We have seen before in class that we can solve this with a simple for loop

In [0]:
two_nums = []
for num in nums:
  two_nums.append(2 * num)
print(two_nums)

[2, 10, 14, 20, 28, 54]


You might also remember we can use a **list comprehension** to abstract away building up the new list explicitly

In [0]:
[2 * num for num in nums]

[2, 10, 14, 20, 28, 54]

While this appraoch is a bit easier to read, it still requires us to write out an explicit loop. In **functional programming**, we prefer to not have to write "how" to do something but focus more on the "what". 

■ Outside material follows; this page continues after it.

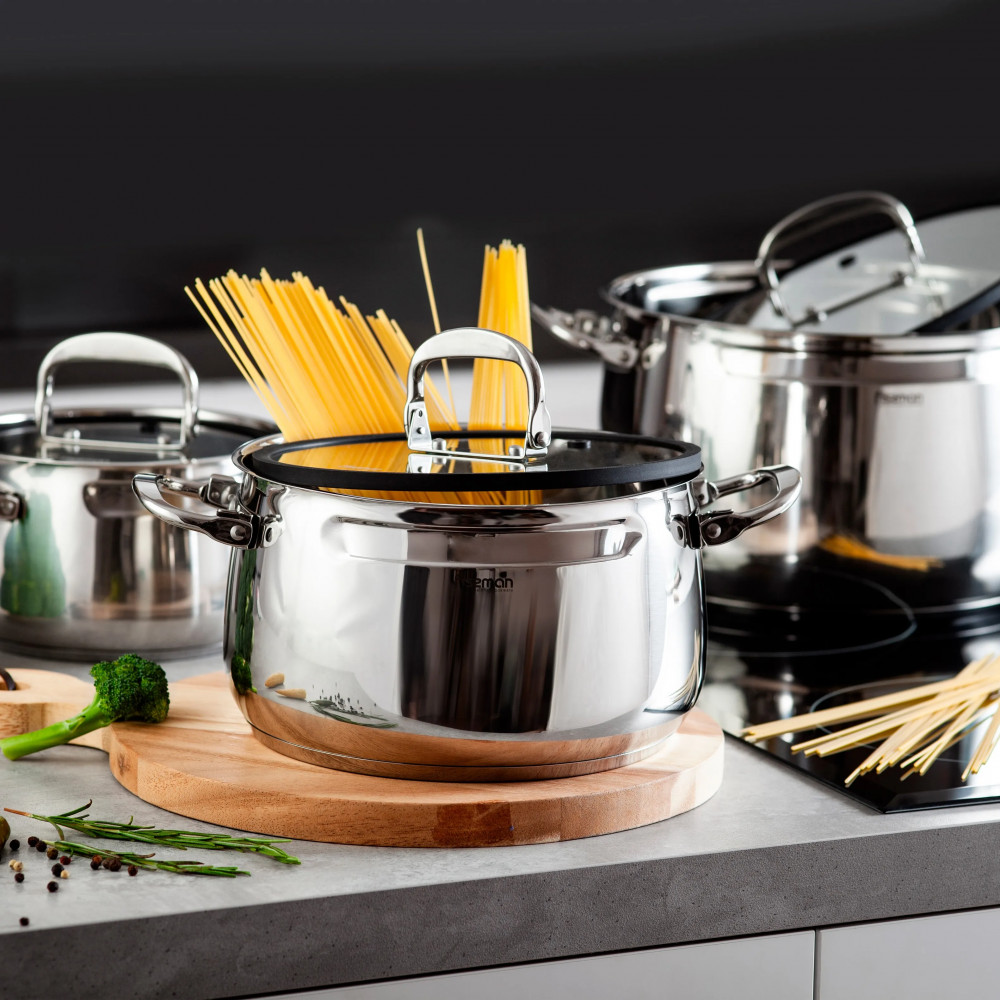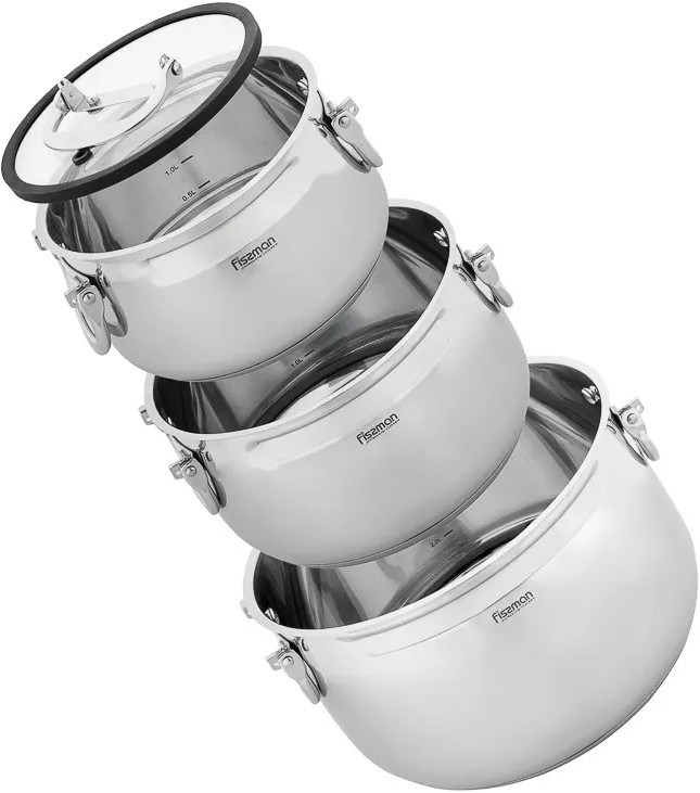 Iron elegance — это инновационная разработка Fissman. В отличие от стандартных кастрюль, эта модель продумана до мелочей: складывающиеся ручки не мешают при хранении, а крышка помещается внутрь, превращая хранение в максимально компактное. Такой подход особенно удобен для небольших кухонь или для тех, кто ценит порядок. Если у вас ограничено пространство, выбирайте кастрюли Iron elegance — вы сможете хранить целый комплект в одном шкафу, не перегружая полки. Это решение также удобно для дачи или кемпинга, где важна мобильность и компактность.

In Python, we use the `map` function to apply a given function over a list of values. The `map` function is "lazy" in the sense it won't compute all the values unless we ask for them. To do this, we pass it to the `list` constructor so it evaluates all the elements.

In [0]:
def times_two(num):
  return 2 * num

list(map(times_two, nums))

[2, 10, 14, 20, 28, 54]

We could go ahead and write our own `our_map` function to show exactly how `map` is implemented (minus the lazy evaluation)

In [0]:
def our_map(f, vals):
  return [f(v) for v in vals]

In [0]:
our_map(times_two, nums)

[2, 10, 14, 20, 28, 54]

It is also good to remind you that we can use the lambda syntax to define an **anonymous function** so we don't have to go write a named function like `times_two` every single time.

In [0]:
list(map(lambda num: 2 * num, nums))

[2, 10, 14, 20, 28, 54]

We then went on to your next higher-order function **filter**. This is similar to the structure of `map`, but instead of returning new values the function passed should return `bool`s. `filter` will keep all values the function returns true for

In [0]:
list(filter(lambda num: num % 2 == 0, nums))

[10, 14]

Reduce was actually removed as a built-in function from Python in version 3.0. If we want to use `reduce`, we have to import it from `functools`.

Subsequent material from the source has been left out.